→ **Instructions to follow**
Dropping every picture, set down exactly the lines in the entries below, starting with the line with "Berlin, 1948/1990, umfangreiche" and going on through the line with "Спочатку Toyota Prius".

→ **Record extracts**
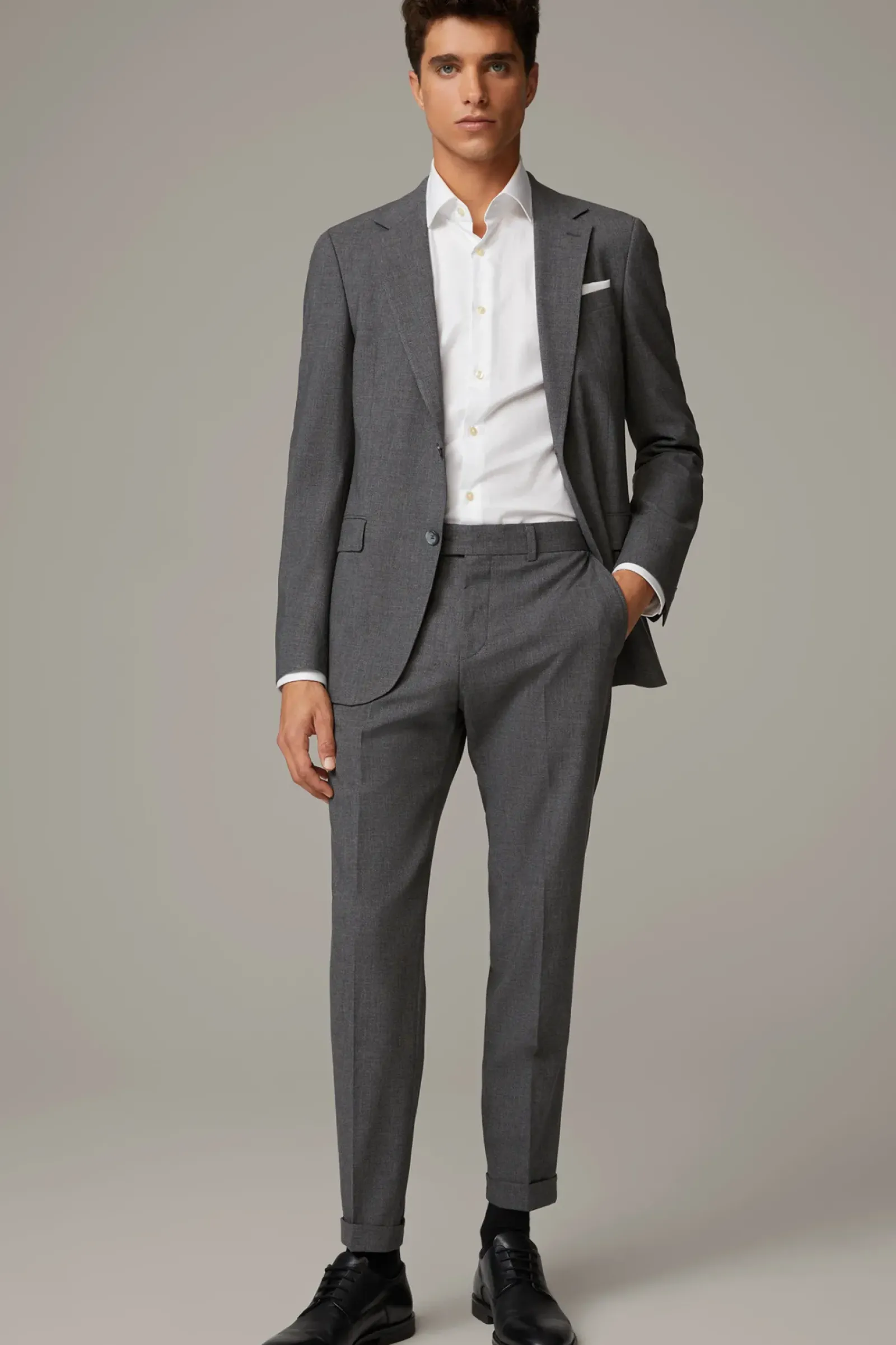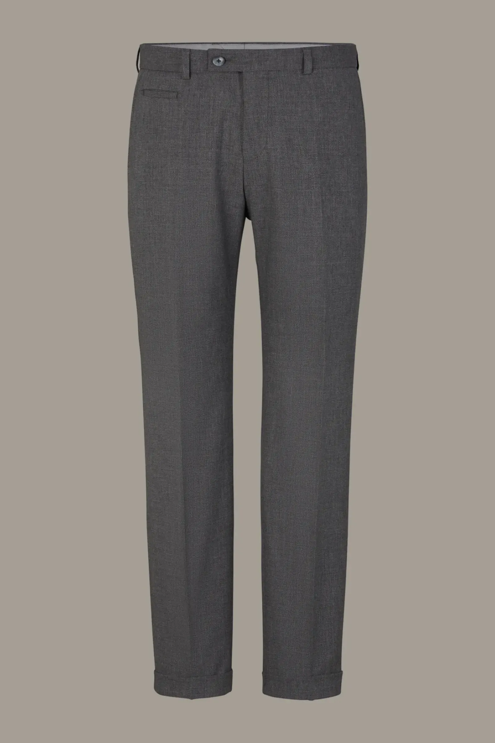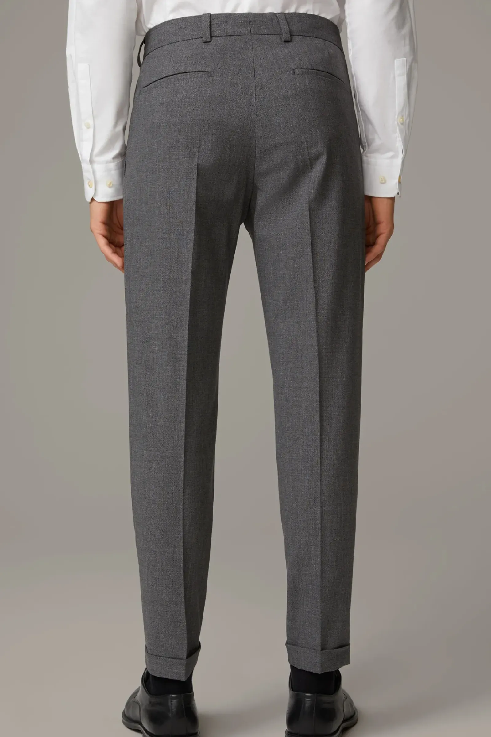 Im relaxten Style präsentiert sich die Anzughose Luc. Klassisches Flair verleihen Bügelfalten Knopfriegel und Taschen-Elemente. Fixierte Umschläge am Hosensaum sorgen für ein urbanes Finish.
* * *
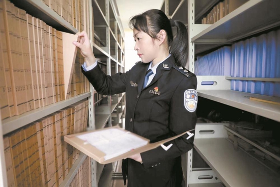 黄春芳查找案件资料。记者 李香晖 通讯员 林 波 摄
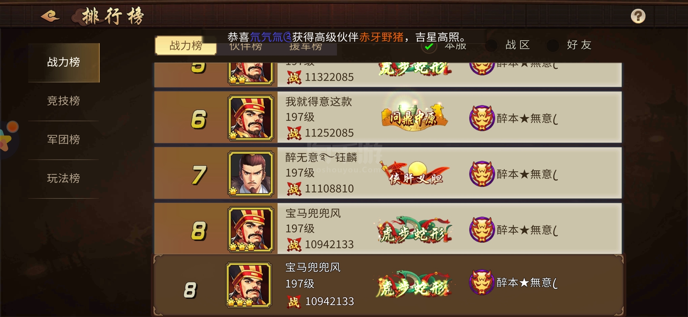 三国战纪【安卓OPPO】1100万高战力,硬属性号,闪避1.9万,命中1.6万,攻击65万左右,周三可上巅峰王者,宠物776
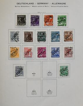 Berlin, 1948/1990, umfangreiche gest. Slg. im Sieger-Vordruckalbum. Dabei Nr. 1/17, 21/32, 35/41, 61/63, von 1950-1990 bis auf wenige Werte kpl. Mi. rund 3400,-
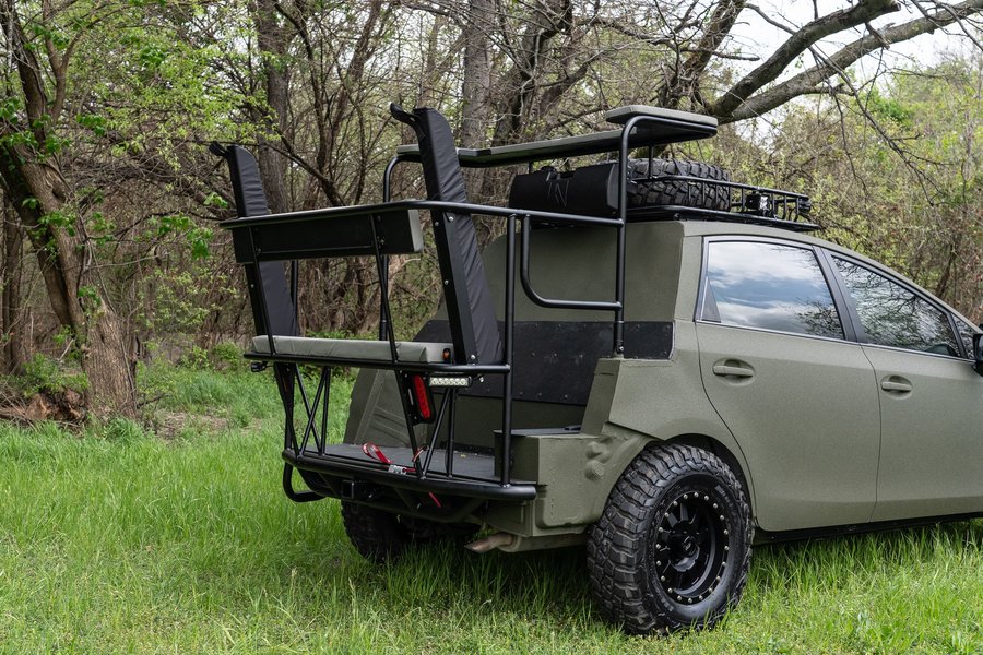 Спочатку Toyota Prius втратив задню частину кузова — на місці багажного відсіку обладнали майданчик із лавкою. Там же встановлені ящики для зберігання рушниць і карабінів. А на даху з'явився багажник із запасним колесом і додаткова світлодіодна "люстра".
...
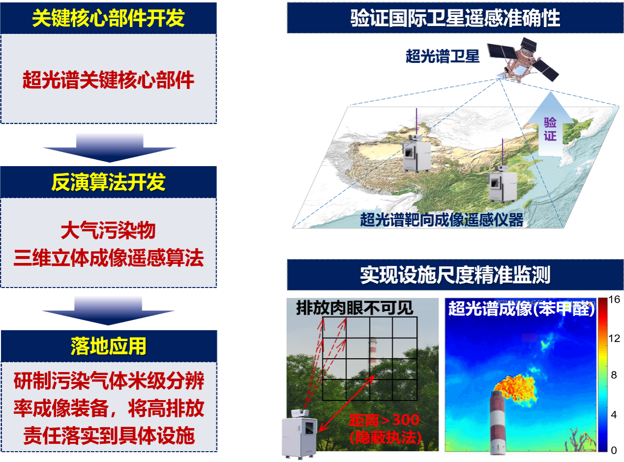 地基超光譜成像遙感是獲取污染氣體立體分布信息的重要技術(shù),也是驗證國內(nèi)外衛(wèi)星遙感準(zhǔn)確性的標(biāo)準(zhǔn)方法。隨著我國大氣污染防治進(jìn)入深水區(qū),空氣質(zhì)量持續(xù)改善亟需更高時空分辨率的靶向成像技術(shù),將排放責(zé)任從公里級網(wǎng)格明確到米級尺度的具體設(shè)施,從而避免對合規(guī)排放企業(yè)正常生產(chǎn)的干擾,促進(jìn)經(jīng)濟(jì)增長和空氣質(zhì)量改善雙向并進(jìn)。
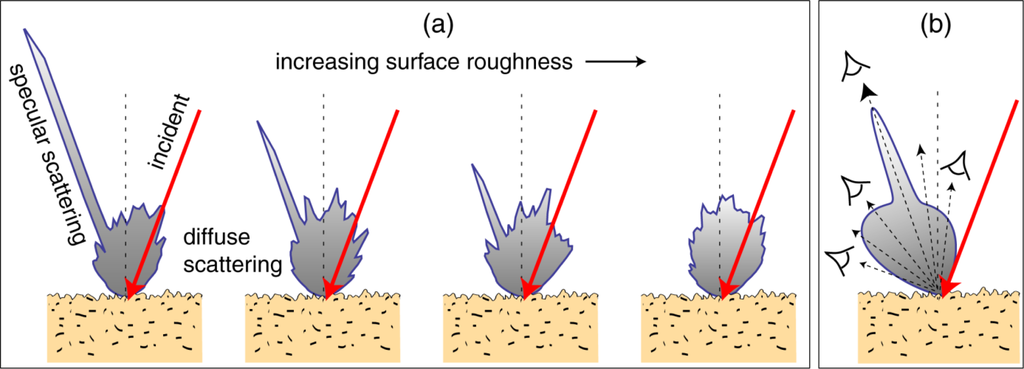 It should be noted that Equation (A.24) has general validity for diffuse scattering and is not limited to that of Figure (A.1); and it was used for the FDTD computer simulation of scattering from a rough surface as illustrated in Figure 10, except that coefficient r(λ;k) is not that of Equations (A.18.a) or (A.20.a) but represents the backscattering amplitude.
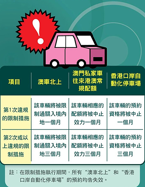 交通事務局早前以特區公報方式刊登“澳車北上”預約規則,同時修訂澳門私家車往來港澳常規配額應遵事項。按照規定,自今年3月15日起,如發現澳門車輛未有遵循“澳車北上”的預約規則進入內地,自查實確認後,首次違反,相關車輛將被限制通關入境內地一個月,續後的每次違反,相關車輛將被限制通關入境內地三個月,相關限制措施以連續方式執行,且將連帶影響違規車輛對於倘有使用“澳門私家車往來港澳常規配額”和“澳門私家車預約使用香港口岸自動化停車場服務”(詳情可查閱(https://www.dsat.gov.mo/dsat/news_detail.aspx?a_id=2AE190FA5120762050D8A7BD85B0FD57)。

→ **Solution below**
 Berlin, 1948/1990, umfangreiche gest. Slg. im Sieger-Vordruckalbum. Dabei Nr. 1/17, 21/32, 35/41, 61/63, von 1950-1990 bis auf wenige Werte kpl. Mi. rund 3400,-
 Спочатку Toyota Prius втратив задню частину кузова — на місці багажного відсіку обладнали майданчик із лавкою. Там же встановлені ящики для зберігання рушниць і карабінів. А на даху з'явився багажник із запасним колесом і додаткова світлодіодна "люстра".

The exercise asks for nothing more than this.